両政府は、二国間委員会が決裂したのを受け、バスケス大統領(Tabaré Vázquez)とキルチネル大統領(Néstor Kirchner)は双方に代理をたて(ウ側はフェルナンデス大統領府長官 Gonzalo Fernández、亜側はフェルナンデス首相 Alberto Fernández)交渉を開始した。しかし、ウルグアイ側は亜政府に橋梁封鎖解除を要請し、亜側はハーグ国際裁判所に提訴する構えを見せるなど、両者の歩み寄りは見られず、問題の解決の糸口は見つかっていない。
(2)米国との二国間FTA交渉
アストリ経済財務大臣は当国週刊紙「ブスケダ」(1月5日付)のインタビューで、ウルグアイが米国及び中国とのFTA締結の可能性を模索する旨発言し、与党内部を含め国内外に波紋が広がった。中でも、ガルガノ外相(Reinaldo Gargano)はタイアナ亜外相(Jorge Taiana)に電話で右可能性を否定し、社会党や共産党は反対を唱えるなど与党内で激しい反発が起こった。

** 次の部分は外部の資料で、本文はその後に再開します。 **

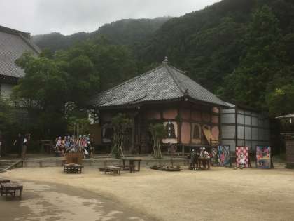 ネズミ小姉に会いステッカーをもらいました。会えた人だけにもらえるので、マニアの人には価値があるのかもしれません。その後、子どもたちと一緒に地獄寺に入りました。あまりの恐さに?子どもたちは大絶叫!皆すごい顔をして写真に写ったので公開できません。遠景の写真を載せます。これが地獄寺です。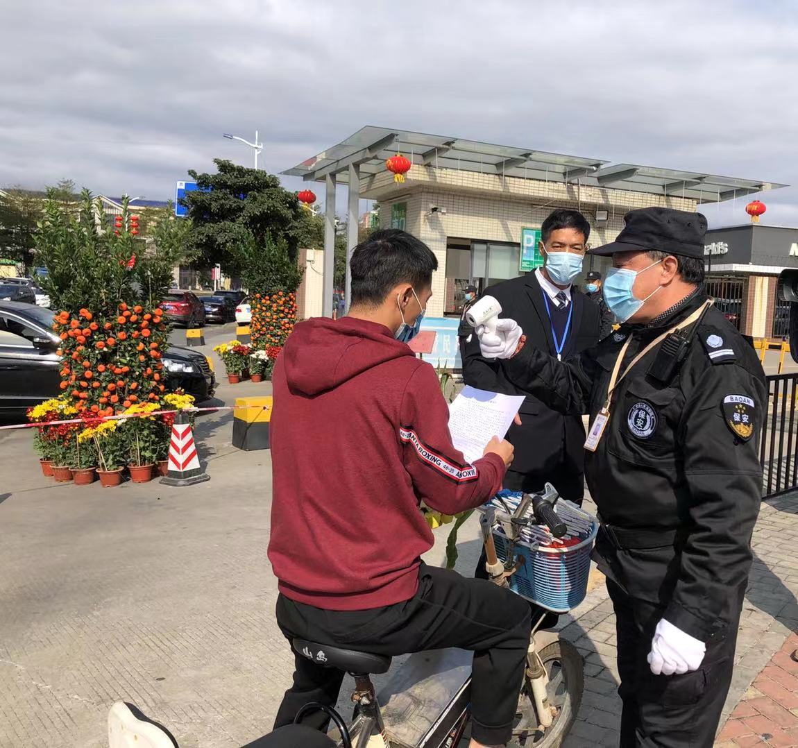 “针对从湖北回来的业主,我们先登记测量体温,跟镇府相关部门联系,到中堂医院进行检查,出了报告没问题我们上门派发口罩和讲解安全事项,让他们在家呆14天。”该主管说。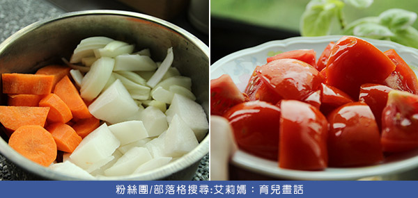 看鍋內的番茄有軟爛後倒入白/紅蘿蔔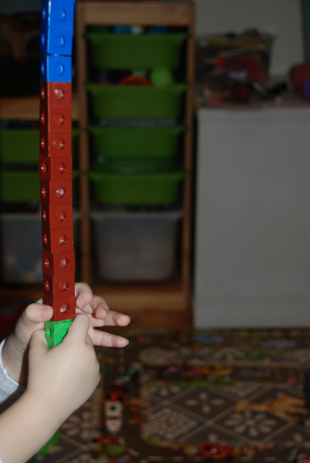 My daughter has been using the snap cubes a lot lately while we work on her bigger numbers. In fact today they provided the lightbulb moment. She has been trying to add 3 numbers together but gets a bit stuck, today while using the snap cubes it just all clicked into place. 5+5+2 =12. Once she had figured that out she started adding different sums with 3 numbers in her head.

また、アモリン伯外相(Celso Amorim)が、メルコスール正式加盟国がバイで域外の諸国・ブロックとFTA締結の交渉を行うことはあり得ない旨発言するなど、亜・伯政府要人からウルグアイがメルコスールの*「4+1」対外交渉原則を反故にすること、あるいは、メルコスールを脱退することを懸念する声が挙がった。
*「4+1」対外交渉とは、正規加盟4カ国が一丸となってメルコスール域外の国あるいは地域ブロックと交渉することを指す。
(3)要人往来等
(イ)1月7日、ハイチのPKO部隊が200名増員された。
(ロ)2月2日、ガルガノ外相は、ブラジリアを訪問しアモリン伯外相と会談した。ガルガノ外相は記者会見で、ウルグアイは先の伯亜大統領会談で合意された競合適応メカニズム(MAC)を受け容れる用意がある旨表明した。
(ハ)2月8日、ガルガノ外相は第13回国際食品・原材料見本市(PRODEXPO 2006)に参加するためロシアを訪問し、ラバロフ外相(Serguei Lavrov)と会談した。
(ニ)2月13日、モラティノス西外相(Miguel Angel Moratinos)は、ウルグアイのイベロアメリカサミットの議長国就任式に出席するためにウルグアイを訪問し、バスケス大統領及びガルガノ外相と会談した。
(ホ)2月16日、ニン・ノボア副大統領(Rodolfo Nin Novoa)は西を訪問し、フェルナンデス西副首相(María Teresa Fernández de la Vega)と会談した。
(ヘ)2月21日、コンゴにおける国連PKO活動に参加しているウルグアイ軍要員724名が1,512名と交代した。
(ト)2月21日、チョラマリ・ハダ・アデル(Cholamali Hadad Adel)イラン国会議長がウルグアイを公式訪問し、バスケス大統領及びニン・ノボア副大統領と会談した。